# Verizon: Signal strength?



## trparky (Sep 3, 2011)

How is the signal strength of this phone versus say... the Galaxy Nexus? One of the things that is slightly bad about the Galaxy Nexus (Verizon, Toro) device is that it's CDMA signal strength and modems aren't as great when you compare the CDMA modem capabilities of it against a Motorola device.

Has Samsung modems gotten better as of late? Is it better in this phone (Verizon GS3)? How does the Galaxy SIII perform in marginal signal areas?

The reason why I'm asking is that I have a Galaxy Nexus right now but the biggest problem is that due to the poor performance of the radios in the phone compared to other phones, I practically have to stand on one foot and whistle Dixie for the phone call to not drop.


----------



## yarly (Jun 22, 2011)

Modems aren't made by Samsung (along with VIA) in the Galaxy S3 North American Version. They're made by Qualcomm, same as HTC devices and some Motorola ones that Moto does not use their own hardware in.

EDIT: and sony/lg also use Qualcomm...not that anyone cares about those too much.


----------



## HerbieVersmelz (Oct 31, 2012)

Location... I very rarely have less than full "bars" never dropped a call to my recollection either. Verizon Galaxy Nexus (Toro) in use roughly one year now.

Sent from my Galaxy Nexus using Tapatalk 2


----------



## HerbieVersmelz (Oct 31, 2012)

yarly said:


> Modems aren't made by Samsung (along with VIA) in the Galaxy S3 North American Version. They're made by Qualcomm, same as HTC devices and some Motorola ones that Moto does not use their own hardware in.
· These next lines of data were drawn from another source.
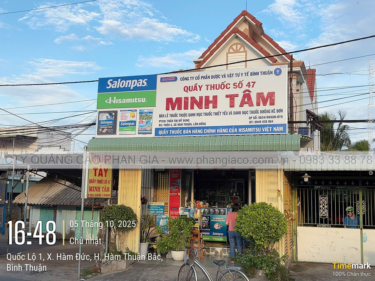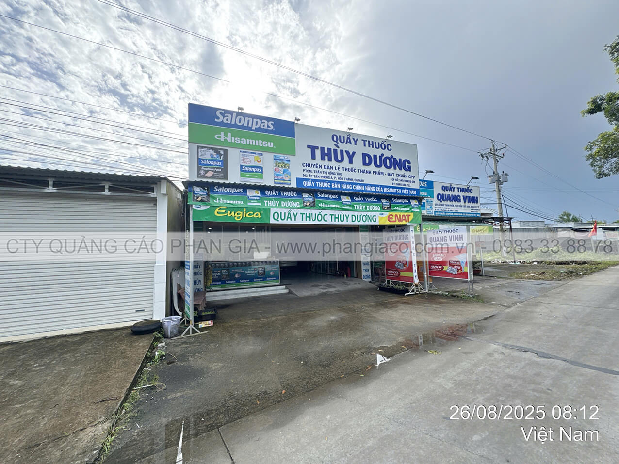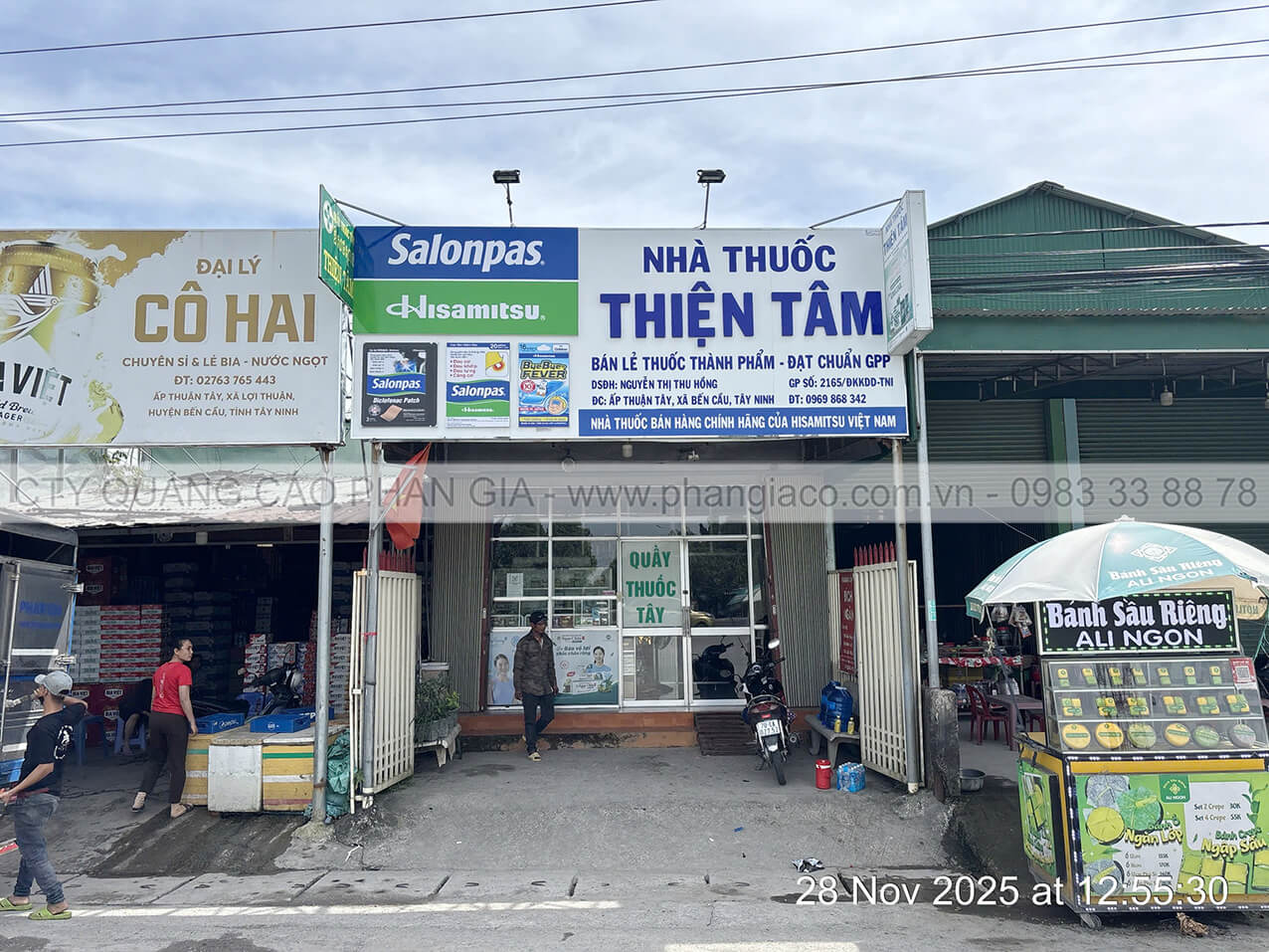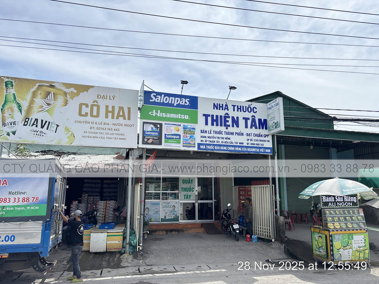 Bảng hiệu quảng cáo với quy cách nhôm nội dung chữ mica nhà thuốc lắp đặt tại xã Bến Cầu, Tây Ninh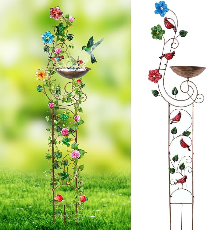 - 【Elegant Design 3 in1】The trellis comes with a detachable bird bath that attracts birds to bathe or feed here, the raised structure design creates a favorable environment for climbing flowers, and the delicate pattern and bright colors add a sculptural feel to the garden.
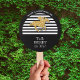 Keep your derby party guests cool with hand fans featuring your company's name, a faux gold glitter race horse on black and white stripes at the top and a solid black area at the bottom where we have the words "Talk Derby to Me" - change to anything for your occasion. MATCHING items in our store.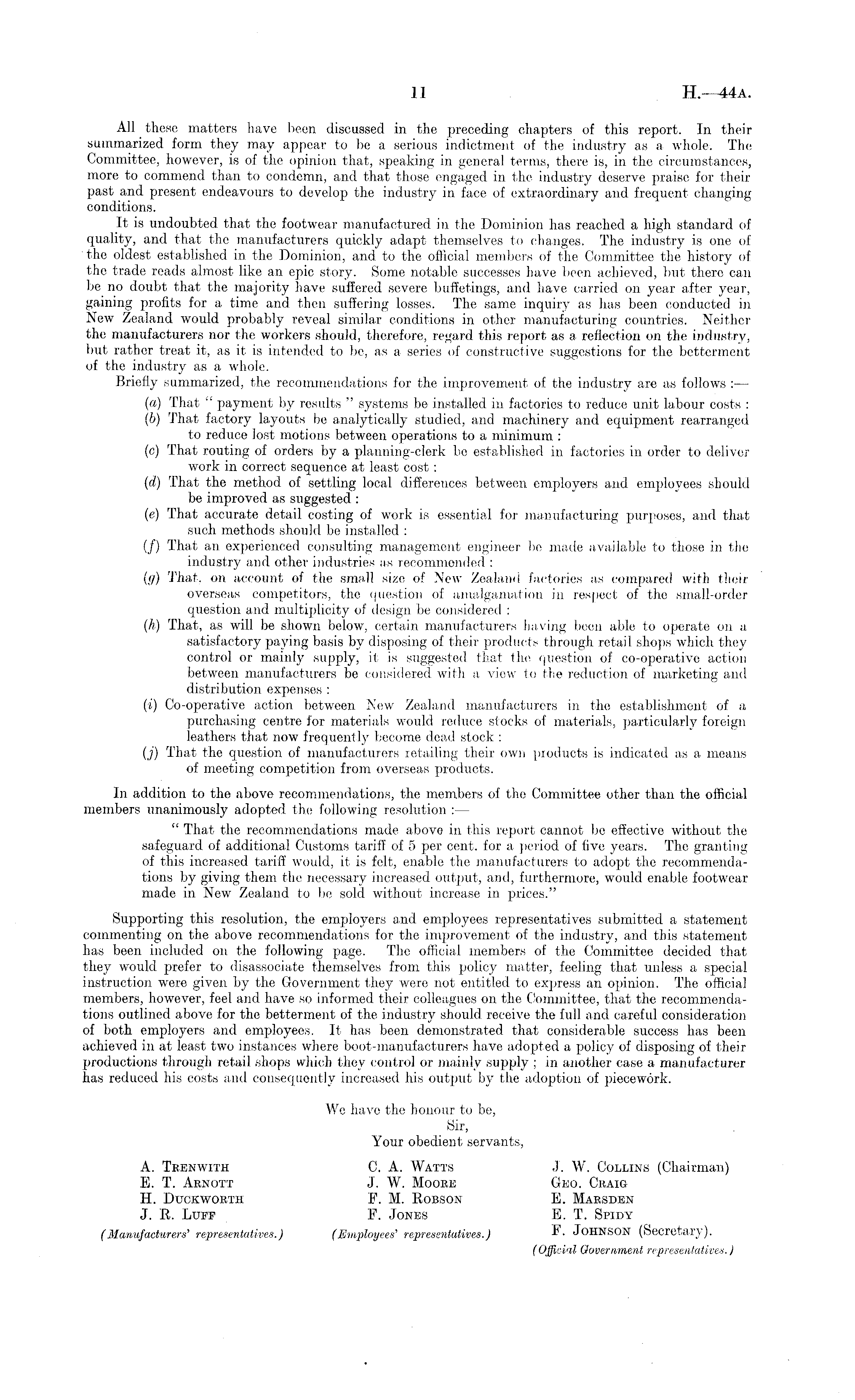 All these matters have been discussed in the preceding chapters of this report. In their summarized form they may appear to be a serious indictment of the industry as a whole. The Committee, however, is of the opinion that, speaking in general terms, there is, in the circumstances, more to commend than to condemn, and that those engaged in the industry deserve praise for their past and present endeavours to develop the industry in face of extraordinary and frequent changing conditions. It is undoubted that the footwear manufactured in the Dominion has reached a high standard of quality, and that the manufacturers quickly adapt themselves to changes. The industry is one of the oldest established in the Dominion, and to the official members of the Committee the history of the trade reads almost like an epic story. Some notable successes have been achieved, but there can be no doubt that the majority have suffered severe bufferings, and have carried on year after year, gaining profits for a time and then suffering losses. The same inquiry as has been conducted in New Zealand would probably reveal similar conditions in other manufacturing countries. Neither the manufacturers nor the workers should, therefore, regard this report as a. reflection on the industry, but rather treat it, as it is intended to be, as a series of constructive suggestions for the betterment of the industry as a whole. Briefly summarized, the recommendations for the improvement of the industry are as follows : — (а) That " payment by results " systems be installed in factories to reduce unit labour costs : (б) That factory layouts be analytically studied, and machinery and equipment rearranged to reduce lost motions between operations to a minimum : (c) That routing of orders by a planning-clerk be established in factories in order to deliver work in correct sequence at least cost: (d) That the method of settling local differences between employers and employees should be improved as suggested : (e) That accurate detail costing of work is essential for manufacturing purposes, and that such methods should be installed : (/) That an experienced consulting management engineer be made available to those in the industry and other industries as recommended : (g) That, on account of the small size of New Zealand factories as compared with their overseas competitors, the question of amalgamation in respect of the small-order question and multiplicity of design be considered : (h) That, as will be shown below, certain manufacturers having been able to operate oil a satisfactory paying basis by disposing of their products through retail shops which they control or mainly supply, it is suggested that the question of co-operative action between manufacturers be considered with a view to the reduction of marketing and distribution expenses : (i) Co-operative action between New Zealand manufacturers in the establishment of a purchasing centre for materials would reduce stocks of materials, particularly foreign leathers that now frequently become dead stock : (j) That the question of manufacturers retailing their own products is indicated as a means of meeting competition from overseas products. In addition to the above recommendations, the members of the Committee other than the official members unanimously adopted the following resolution : — " That the recommendations made above in this report cannot be effective without the safeguard of additional Customs tariff of 5 per cent, for a period of five years. The granting of this increased tariff woidd, it is felt, enable the manufacturers to adopt the recommendations by giving them the necessary increased output, and, furthermore, would enable footwear made in New Zealand to be sold without increase in prices." Supporting this resolution, the employers and employees representatives submitted a statement commenting on the above recommendations for the improvement of the industry, and this statement has been included on the following page. The official members of the Committee decided that they would prefer to disassociate themselves from this policy matter, feeling that unless a special instruction were given by the Government they were not entitled to express an opinion. The official members, however, feel and have so informed their colleagues 011 the Committee, that the recommendations outlined above for the betterment of the industry should receive the full and careful consideration of both employers and employees. It has been demonstrated that considerable success has been achieved in at least two instances where boot-manufacturers have adopted a policy of disposing of their productions through retail shops which they control or mainly supply ; in another case a manufacturer has reduced his costs and consequently increased his output by the adoption of piecework. We have the honour to be, Sir, Your obedient servants, A. Teenwith C. A. Watts J. W. Collins (Chairman) E. T. Arnott J. W. Moore Geo. Craig H. Duckworth F. M. Bobson E. Marsden J. B. Luff F. Jones E. T. Spidy (Manufacturers' representatives.) (Employees' representatives.) 1* • JOHNSON (Secretary). (Official Government representatives.)

this too. Good info to keep in mind.

Sent from my Galaxy Nexus using Tapatalk 2


----------



## trparky (Sep 3, 2011)

So you're saying that the Galaxy Nexus and the Galaxy SIII uses completely different modem hardware?


----------



## yarly (Jun 22, 2011)

trparky said:


> So you're saying that the Galaxy Nexus and the Galaxy SIII uses completely different modem hardware?


Yes

If the phone has a Qualcomm CPU, then it probably has Qualcomm modems 99.9% of the time as well.


----------



## trparky (Sep 3, 2011)

How is the battery life compared to that of say... the Galaxy Nexus? Because the Galaxy Nexus seriously sucks in the battery department.


----------



## MistaWolfe (Oct 10, 2011)

Battery life + signal + overall phone = superb

Had a Nex myself. This pretty much exceeds it in every way, besides AOSP compatibility out of the gate. If that makes sense.

Sent from my SCH-I535 using Tapatalk 2


----------



## HerbieVersmelz (Oct 31, 2012)

MistaWolfe said:


> Battery life + signal + overall phone = superb
> 
> Had a Nex myself. This pretty much exceeds it in every way, besides AOSP compatibility out of the gate. If that makes sense.
> 
> Sent from my SCH-I535 using Tapatalk 2


idk man, results will obviously vary im not doubting your findings one bit. But i will say, my wife recently upgraded to a GS3, on verizon. We share the same plan. Ive since rooted and rom'd it for her, she likes all the custom goodies and such. But my point is, aside from a noticeable, yet not phenomenal, battery life increase, in my opinion the device is not exceedingly better in terms of signal. In performance its better, although again, not shockingly better. I like her device, dont get me wrong.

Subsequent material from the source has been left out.